# [Work instruction]
Return only the lines below starting at the line containing "Champagne Crossed Halter" and ending at the line containing "Gardez vos petits", both included, exactly as they are and with no pictures.

# [Data to process]
──────

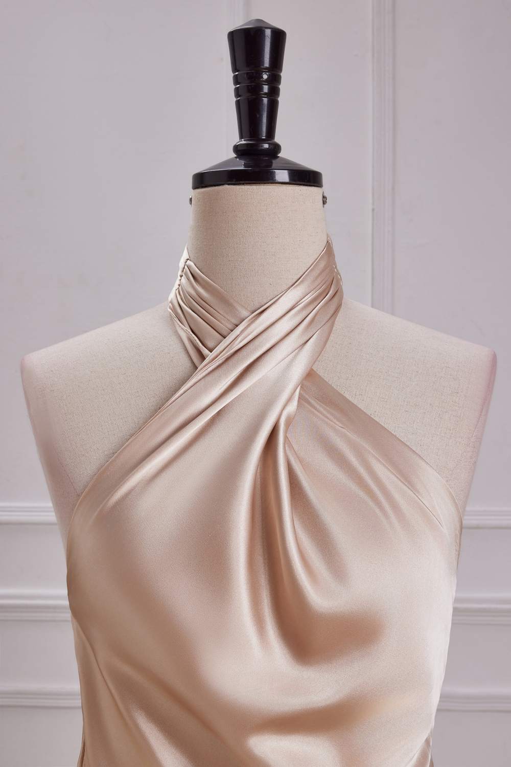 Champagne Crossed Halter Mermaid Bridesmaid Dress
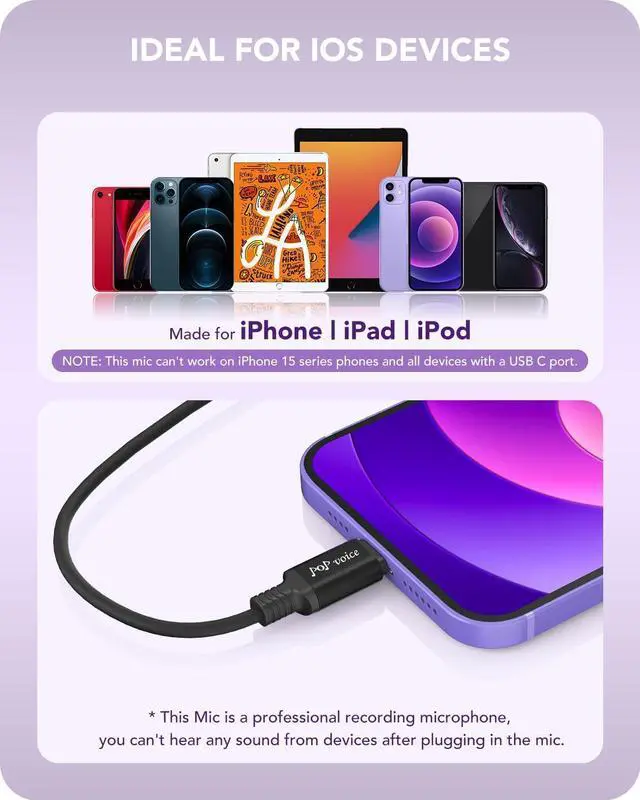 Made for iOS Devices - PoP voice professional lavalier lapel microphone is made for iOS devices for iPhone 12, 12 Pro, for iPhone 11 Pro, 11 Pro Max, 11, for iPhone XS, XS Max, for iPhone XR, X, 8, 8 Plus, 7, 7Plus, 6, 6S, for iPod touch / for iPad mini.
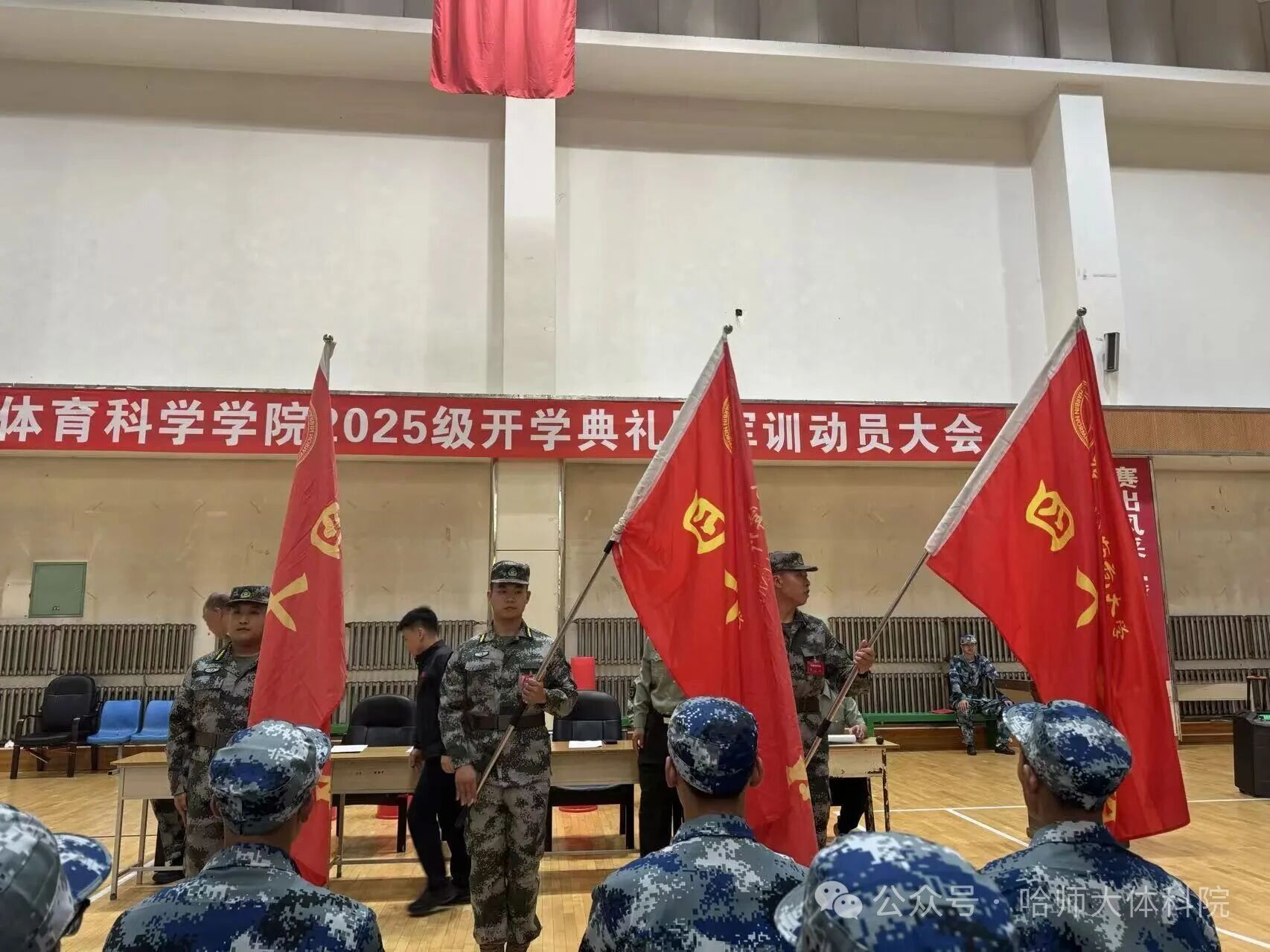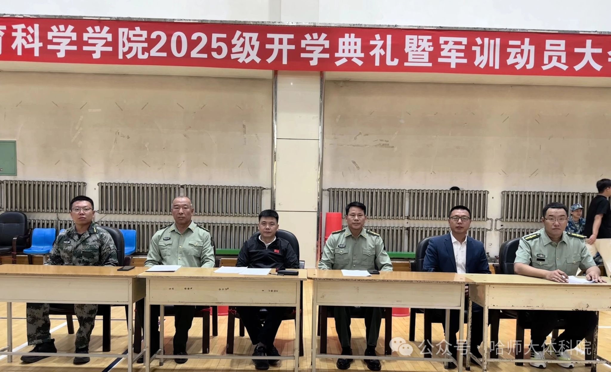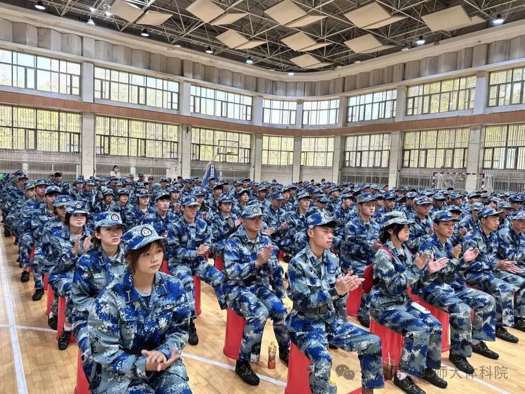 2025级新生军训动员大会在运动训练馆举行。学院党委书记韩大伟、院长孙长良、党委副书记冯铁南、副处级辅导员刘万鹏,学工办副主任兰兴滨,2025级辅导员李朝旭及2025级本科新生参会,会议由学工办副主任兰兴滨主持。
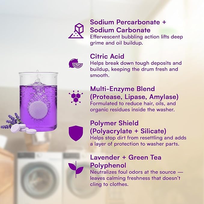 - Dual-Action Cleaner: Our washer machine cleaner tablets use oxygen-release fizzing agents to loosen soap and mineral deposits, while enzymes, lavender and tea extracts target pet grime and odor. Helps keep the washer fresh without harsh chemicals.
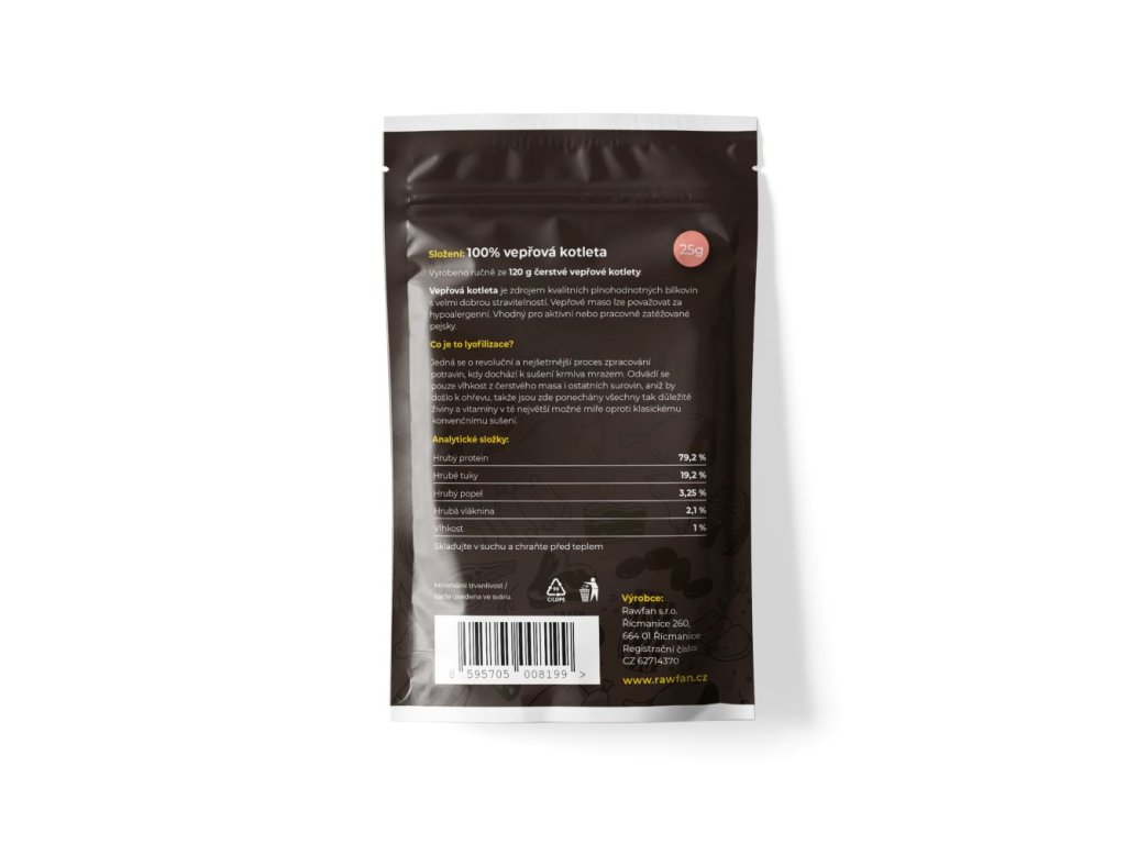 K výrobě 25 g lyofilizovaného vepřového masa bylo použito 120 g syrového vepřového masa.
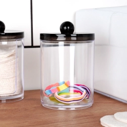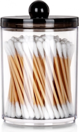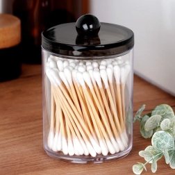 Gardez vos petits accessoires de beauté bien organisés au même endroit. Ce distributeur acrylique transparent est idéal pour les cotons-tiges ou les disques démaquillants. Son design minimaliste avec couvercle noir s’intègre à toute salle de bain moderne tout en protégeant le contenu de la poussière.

──────

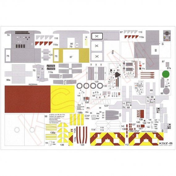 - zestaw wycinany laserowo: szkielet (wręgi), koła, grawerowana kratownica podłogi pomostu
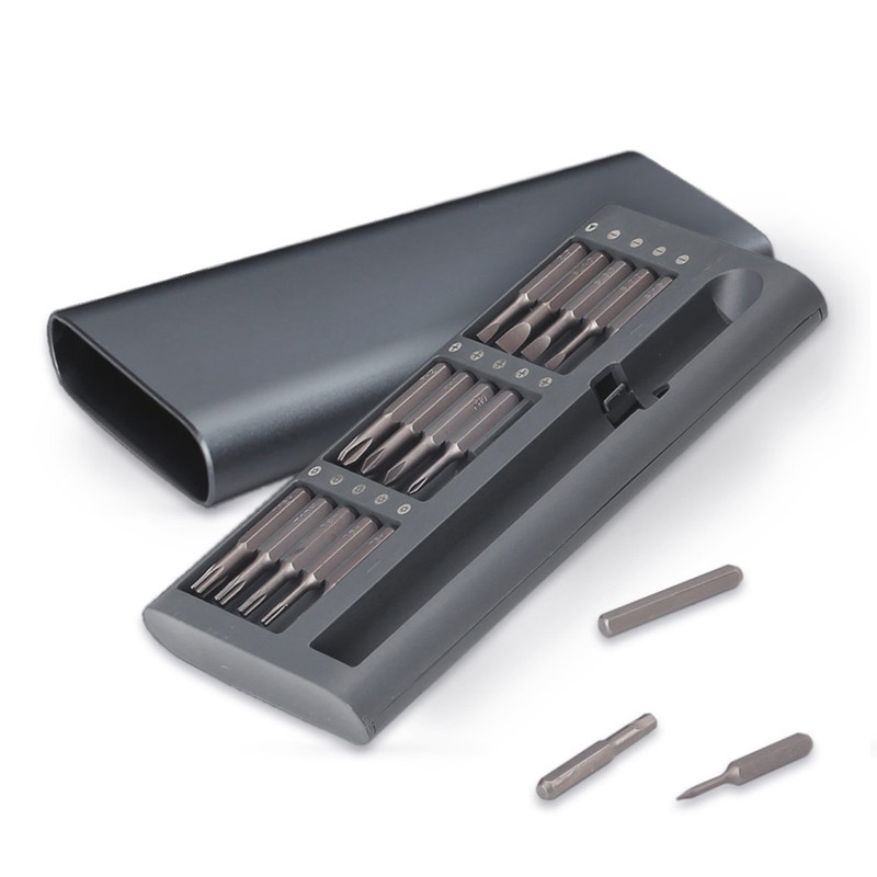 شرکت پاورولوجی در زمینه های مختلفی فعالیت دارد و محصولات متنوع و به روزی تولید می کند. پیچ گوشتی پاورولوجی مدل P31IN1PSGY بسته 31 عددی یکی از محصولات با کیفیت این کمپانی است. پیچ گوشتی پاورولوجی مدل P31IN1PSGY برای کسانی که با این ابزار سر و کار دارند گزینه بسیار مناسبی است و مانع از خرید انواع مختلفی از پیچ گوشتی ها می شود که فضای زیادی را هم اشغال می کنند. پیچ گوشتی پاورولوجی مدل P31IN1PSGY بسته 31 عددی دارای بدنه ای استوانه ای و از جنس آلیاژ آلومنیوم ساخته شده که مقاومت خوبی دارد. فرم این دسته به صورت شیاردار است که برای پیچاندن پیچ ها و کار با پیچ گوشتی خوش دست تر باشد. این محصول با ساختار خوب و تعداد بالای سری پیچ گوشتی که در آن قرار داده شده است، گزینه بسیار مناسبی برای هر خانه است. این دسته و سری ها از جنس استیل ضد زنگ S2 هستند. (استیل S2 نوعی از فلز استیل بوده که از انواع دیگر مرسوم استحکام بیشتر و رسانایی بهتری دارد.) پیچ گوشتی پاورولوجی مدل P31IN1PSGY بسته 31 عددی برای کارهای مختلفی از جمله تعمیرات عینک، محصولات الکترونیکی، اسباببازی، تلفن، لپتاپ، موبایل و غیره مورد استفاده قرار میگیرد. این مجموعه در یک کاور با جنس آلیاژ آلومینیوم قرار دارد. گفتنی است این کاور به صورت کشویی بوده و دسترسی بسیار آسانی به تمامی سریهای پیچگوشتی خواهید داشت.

──────

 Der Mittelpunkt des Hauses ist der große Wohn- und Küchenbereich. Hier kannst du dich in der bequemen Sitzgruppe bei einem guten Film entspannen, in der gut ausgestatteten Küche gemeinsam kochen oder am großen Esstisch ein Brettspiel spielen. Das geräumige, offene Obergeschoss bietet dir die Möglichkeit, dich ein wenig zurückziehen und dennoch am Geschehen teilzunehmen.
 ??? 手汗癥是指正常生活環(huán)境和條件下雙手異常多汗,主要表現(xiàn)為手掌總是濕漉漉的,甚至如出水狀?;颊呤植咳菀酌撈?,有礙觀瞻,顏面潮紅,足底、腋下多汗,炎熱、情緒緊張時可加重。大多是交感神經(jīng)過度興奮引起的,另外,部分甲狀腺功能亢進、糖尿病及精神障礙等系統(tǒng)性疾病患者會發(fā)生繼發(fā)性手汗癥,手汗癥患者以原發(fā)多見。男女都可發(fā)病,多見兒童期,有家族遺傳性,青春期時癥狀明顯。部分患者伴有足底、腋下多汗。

──────

# [Task result]
 Champagne Crossed Halter Mermaid Bridesmaid Dress
 Made for iOS Devices - PoP voice professional lavalier lapel microphone is made for iOS devices for iPhone 12, 12 Pro, for iPhone 11 Pro, 11 Pro Max, 11, for iPhone XS, XS Max, for iPhone XR, X, 8, 8 Plus, 7, 7Plus, 6, 6S, for iPod touch / for iPad mini.
 2025级新生军训动员大会在运动训练馆举行。学院党委书记韩大伟、院长孙长良、党委副书记冯铁南、副处级辅导员刘万鹏,学工办副主任兰兴滨,2025级辅导员李朝旭及2025级本科新生参会,会议由学工办副主任兰兴滨主持。
 - Dual-Action Cleaner: Our washer machine cleaner tablets use oxygen-release fizzing agents to loosen soap and mineral deposits, while enzymes, lavender and tea extracts target pet grime and odor. Helps keep the washer fresh without harsh chemicals.
 K výrobě 25 g lyofilizovaného vepřového masa bylo použito 120 g syrového vepřového masa.
 Gardez vos petits accessoires de beauté bien organisés au même endroit. Ce distributeur acrylique transparent est idéal pour les cotons-tiges ou les disques démaquillants. Son design minimaliste avec couvercle noir s’intègre à toute salle de bain moderne tout en protégeant le contenu de la poussière.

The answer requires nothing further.